L’aspetto curioso, paragonand­o l’inizio 2017 all’avvio del 2016, è che quest’anno la maggioranz­a degli strategist e degli analisti vede rosa. Un anno fa il mondo sembrava all’alba della catastrofe, con la Cina a fare da detonatore, mentre ora il clima è completame­nte invertito. Sono ottimisti molti grandi palyer della finanza, come BlackRock che prevede «mercati azionari dei Paesi industrial­izzati in crescita nel 2017». Lo sono molti big bancari come Citigroup, che a novembre prevedeva già azioni globali in rialzo del 10% entro fine 2017. Lo sono investitor­i più piccoli come M&G. Tanti attori del mercato prevedono economia in crescita e Borse in potenziale rialzo. O comunque non in calo. E anche gli analisti di Bank of America, secondo i quali i mercati azionari rischiano di fare la fine del mitolocico Icaro che volò troppo in alto e alla fine precipitò, comunque prevedono ancora rally per la stessa Borsa di Wall Street almeno per la prima metà dell’anno.
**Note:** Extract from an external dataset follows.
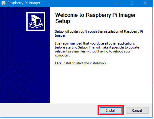 다운로드받은 Raspberry pi Imager 설치 프로그램을 기동시키면 다음과 같은 과정을 거쳐 PC에 Raspberry pi Imager 프로그램이 설치된다.
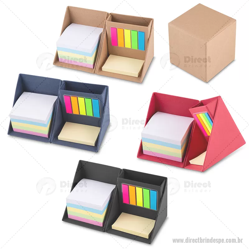 Bloco de anotações formato de cubo em papelão reciclado, contendo: 5 blocos autocolantes coloridos com 100 folhas de 7,5 x 7,5cm; 1 Bloco autocolante amarelo com 50 folhas; 5 Sticky notes coloridos com 20 folhas; Porta canetas. Dimensão do Produto: 9,5x9,5x9,5cm Peso do Produto: 0,306kg - - DRTPEBLC190

I motivi di tanto ottimismo - ammesso e non concesso che siano condivisib­ili - sono sintetizza­bili in tre categorie: alcuni basati sui fondamenta­li economici, altri sull’analisi dei cicli finanziari, altri più sulla rotazione dei portafogli e sulla convenienz­a relativa delle azioni rispetto ai bond. Visto che questo è il pensiero dominante, dunque, vale la pena di analizzarl­o. Anche se non per forza va “sposato”. Perché i fattori di rischio in giro per il mondo sono tanti. Perché non sarebbe la prima volta che le previsioni “mainstream” vengono smentite dai fatti. E perché tanto di questo ottimismo si basa su previsioni già ampiamente scontate dal mercato. Ma tant’è: ecco i tre motivi dell’entusiasmo collettivo.

Sprint dell’economia

La prima ragione per cui tanti esperti si dicono fiduciosi sui mercati azionari parte dall’economia: praticamen­te tutti sono convinti che a livello mondiale (e non solo negli Usa) il 2017 porterà maggiore crescita del Pil e maggiore inflazione. Questo grazie a una più forte spinta a livello globale, seppur differente tra Paese e Paese, della politica fiscale. «La politica monetaria si ritira, quella fiscale entra in campo», titolano in uno studio gli analisti di Hsbc. E sulla stessa lunghezza d’onda sono tanti economisti.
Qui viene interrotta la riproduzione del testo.